Oggi non vi tedio con la direzione che non trovo ma apro una finestra proprio sulla parola libertà.Questa mattina sulle principali testate giornalistiche è apparsa la notizia della condanna di tre dirigenti di Google per un video messo in rete nel 2006 in cui alcuni adolescenti insultavano e umiliavano un ragazzo disabile, il video era stato girato e pubblicato dagli stessi aggressori.

Sulla bestialità di tale gesto è inutile che mi esprimo ma l’episodio della condanna lo definirei inquietante.

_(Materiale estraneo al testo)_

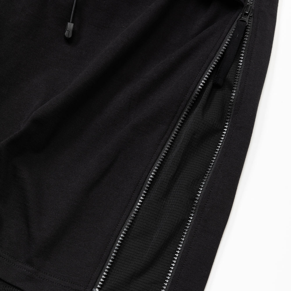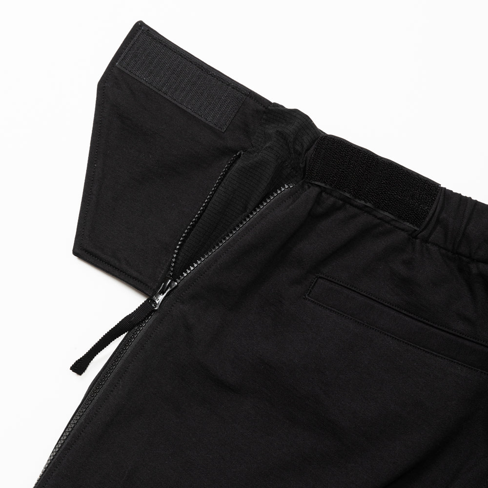 サイドにフルジップを備え、最大限の通気性を確保し、ブーツの上からでもパンツの着脱を容易にし、 アクティブな用途にも対応するイージーなショーツスタイルにしています。

Mi associo pienamente al giudizio espresso da Reporters Sans Frontières [vedi Reuters] sul pericolo che una sentenza del genere inneschi un processo di censura maggiore di quello che avviene in paesi come la Cina o l’Iran. Google è stata condannata perché, pur non avendo girato il video, pur non avendo partecipato all’ideazione dello stesso, pur non avendolo visto e pur avendolo rimosso immediatamente quando le è stato segnalato non ha esercitato un filtro preventivo per evitarne la pubblicazione.

Al di là della difficoltà pratica di fare un operazione del genere su scala mondiale (l’anno scorso mi sembra che ogni minuto venivano caricati su youtube 13 ore di video, il che significa che per visionarli preventivamente in ogni minuto delle 24 ore servirebbe una squadra di almeno 800 censori contemporaneamente all’opera dove ognuno di essi fosse a conoscenza di tutte le direttive dei governi di questo pianeta in materia di contenuti offensivi e che, naturalmente, capisca tutte le lingue del mondo!) sarebbe impossibile offrire un servizio gratuito per gli utenti perché la pubblicità non basta a pagare i costi della censura.

Ma vi rendete conto di cosa stiamo parlando? Censura! Ed è sorprendente che questa di Milano sia la prima sentenza del genere mai avvenuta al mondo, se questo è il modo di esternare l’eccellenza italiana mi si accappona la pelle.